## DATASET EXTRACT

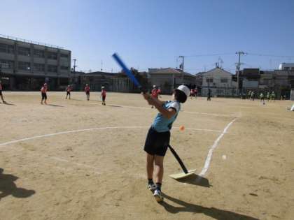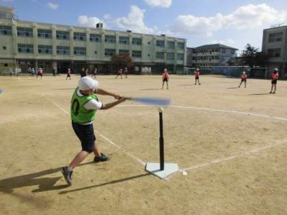 その後、設定された学習の場をグループで回って練習しました。学習の場は、上手に打つことができるようになるためのTバッティングの場、コントロールよく投げることができるようになるための的当ての場、素早くベースを走ることができるようになるための走る場、チームワークを高めることができるようにするためのキャッチボールの場に分かれています。子供たちは、楽しみながらもそれぞれの場のめあてをしっかりと意識して練習に励んでいました。
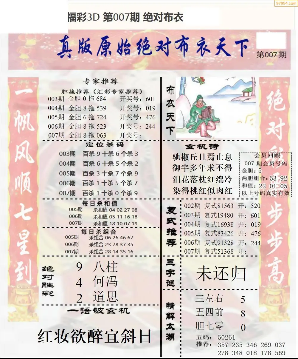 (2)26年007期本期3d图迷汇总_福彩3D图谜总汇图
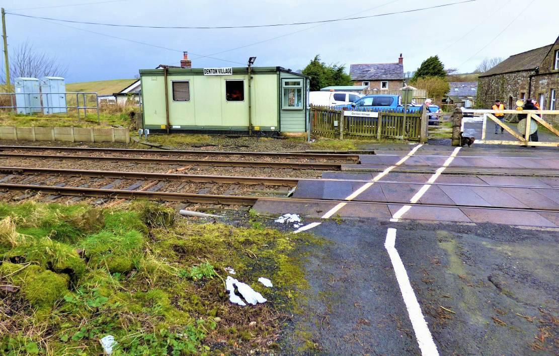 For reasons that are not clear, just two of the crossings - Denton Village and Lane Head - have not been modernised and in 2020 are still protected by hand-worked gates opened and closed by crossing keepers operating from adjacent gate boxes. Both are on very minor roads; one is little more than a cart track but its crossing is at a bend on the railway, while the other is on a straight section of line but with houses close by. The two crossings are east of the 2009 commissioned signal box at Low Row.
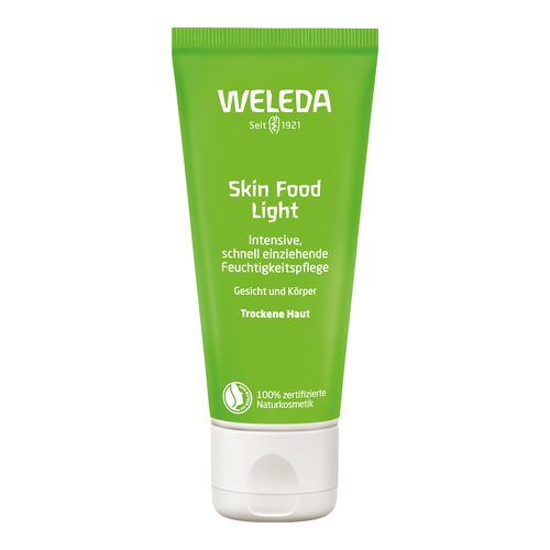 Skin Food Light stillt den Durst trockener Haut sofort und versorgt sie mit intensiver Feuchtigkeit. Die seidige Creme beruhigt die Haut mit ihrer reichhaltigen Formulierung und wertvollen Pflanzenextrakten aus Stiefmütterchen, Calendula- und Kamillenblüten. Zudem schützen Bio-Sonnenblumenöl, Bio Shea-Butter und Bio-Kakaobutter die vor dem Austrocknen und versorgt sie nachhaltig mit Feuchtigkeit.

## TASK INSTRUCTIONS
Only one thing is required here: an exact copy of the lines from the one bearing "(2)26年007期本期3d图迷汇总_福彩3D图谜总汇图" through the final line above, both included, with pictures left out.

## RESULT OF THE EXERCISE
 (2)26年007期本期3d图迷汇总_福彩3D图谜总汇图
 For reasons that are not clear, just two of the crossings - Denton Village and Lane Head - have not been modernised and in 2020 are still protected by hand-worked gates opened and closed by crossing keepers operating from adjacent gate boxes. Both are on very minor roads; one is little more than a cart track but its crossing is at a bend on the railway, while the other is on a straight section of line but with houses close by. The two crossings are east of the 2009 commissioned signal box at Low Row.
 Skin Food Light stillt den Durst trockener Haut sofort und versorgt sie mit intensiver Feuchtigkeit. Die seidige Creme beruhigt die Haut mit ihrer reichhaltigen Formulierung und wertvollen Pflanzenextrakten aus Stiefmütterchen, Calendula- und Kamillenblüten. Zudem schützen Bio-Sonnenblumenöl, Bio Shea-Butter und Bio-Kakaobutter die vor dem Austrocknen und versorgt sie nachhaltig mit Feuchtigkeit.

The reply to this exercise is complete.